Data segment:

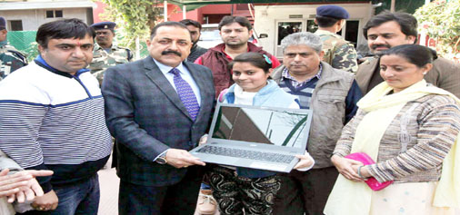 Union Minister, Dr Jitendra Singh handing over a laptop to a deserving BSc student at Jammu on Monday. —Excelsior/Rakesh By Daily Excelsior - February 16, 2016 Share FacebookTwitterWhatsAppPinterestLinkedinCopy URLTelegramEmailTumblrReddItPrintKoo Union Minister, Dr Jitendra Singh handing over a laptop to a deserving BSc student at Jammu on Monday. —Excelsior/Rakesh Union Minister, Dr Jitendra Singh handing over a laptop to a deserving BSc student at Jammu on Monday. —Excelsior/Rakesh Follow our WhatsApp channel
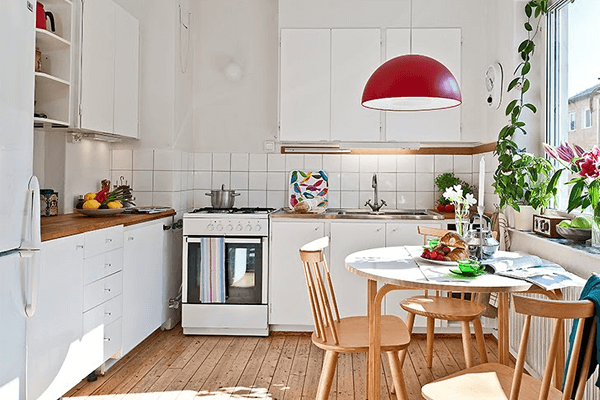 Os móveis para cozinhas pequenas geralmente já são planejados para lugares em que espaço é tudo o que mais falta. Sendo assim, será muito difícil incluir uma mesa redonda no meio do ambiente. Algumas adaptações são imprescindíveis.
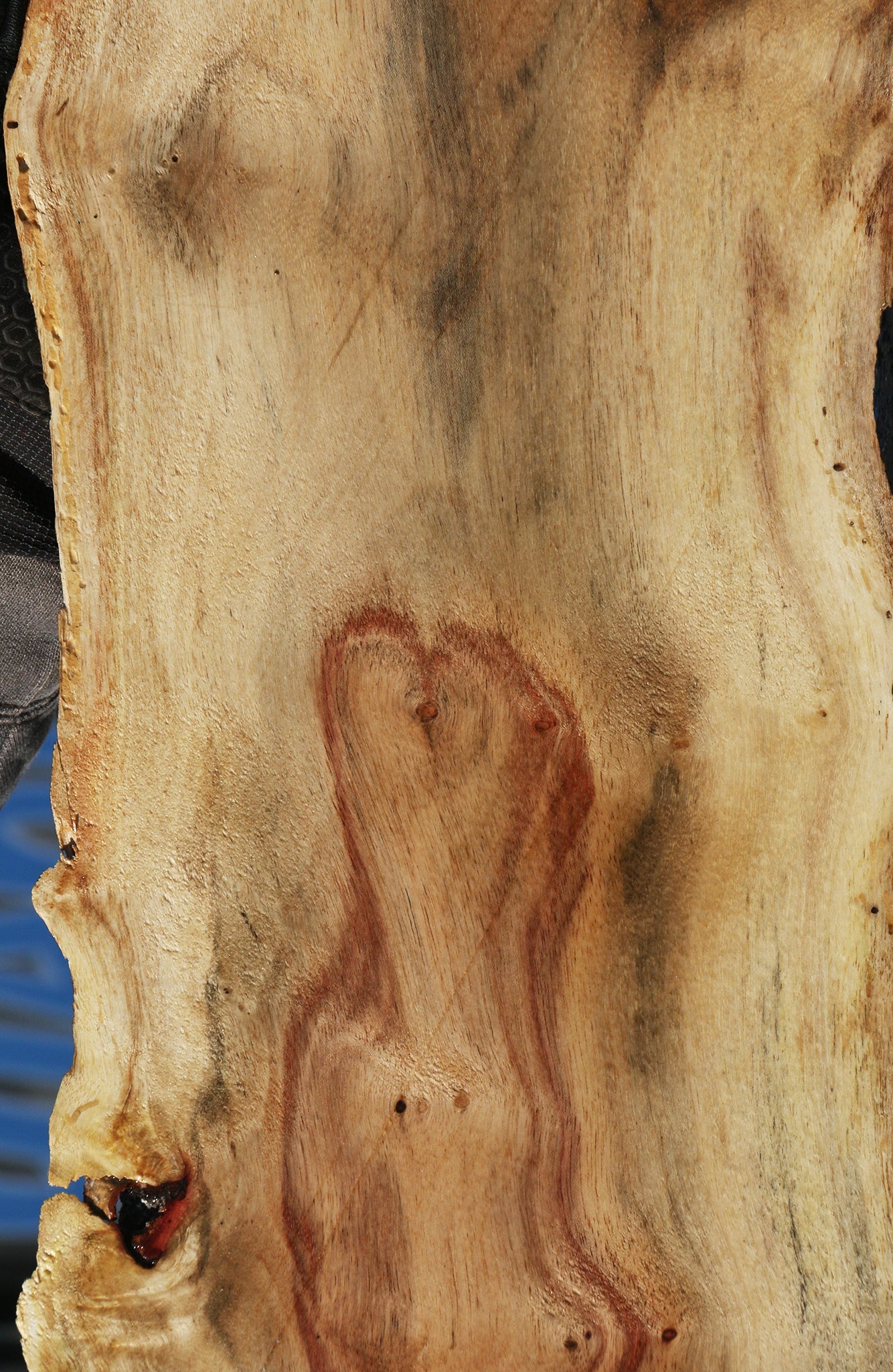 This is a colorful batch of Carob, replete with all of the easy woodworking characteristics you love when working with wood, including a high, smooth polish, easy workability, and easy sanding. The wood was cut in August of 2024. It is surfaced on two sides, kiln dried, and ready to use. An occasional check, live edge, soft spalted area, or rough corner edge may be present. Boards over 24" may have 1/16" to 1/8" bow or twist. Take advantage of this first-time lumber offer of sensational Carob wood! This piece has bug holes and inclusions. Please see pictures for details.

Your task:
Start at the first line and set down all of the data exactly, passing over the pictures.

Output for this task:
 Union Minister, Dr Jitendra Singh handing over a laptop to a deserving BSc student at Jammu on Monday. —Excelsior/Rakesh By Daily Excelsior - February 16, 2016 Share FacebookTwitterWhatsAppPinterestLinkedinCopy URLTelegramEmailTumblrReddItPrintKoo Union Minister, Dr Jitendra Singh handing over a laptop to a deserving BSc student at Jammu on Monday. —Excelsior/Rakesh Union Minister, Dr Jitendra Singh handing over a laptop to a deserving BSc student at Jammu on Monday. —Excelsior/Rakesh Follow our WhatsApp channel
 Os móveis para cozinhas pequenas geralmente já são planejados para lugares em que espaço é tudo o que mais falta. Sendo assim, será muito difícil incluir uma mesa redonda no meio do ambiente. Algumas adaptações são imprescindíveis.
 This is a colorful batch of Carob, replete with all of the easy woodworking characteristics you love when working with wood, including a high, smooth polish, easy workability, and easy sanding. The wood was cut in August of 2024. It is surfaced on two sides, kiln dried, and ready to use. An occasional check, live edge, soft spalted area, or rough corner edge may be present. Boards over 24" may have 1/16" to 1/8" bow or twist. Take advantage of this first-time lumber offer of sensational Carob wood! This piece has bug holes and inclusions. Please see pictures for details.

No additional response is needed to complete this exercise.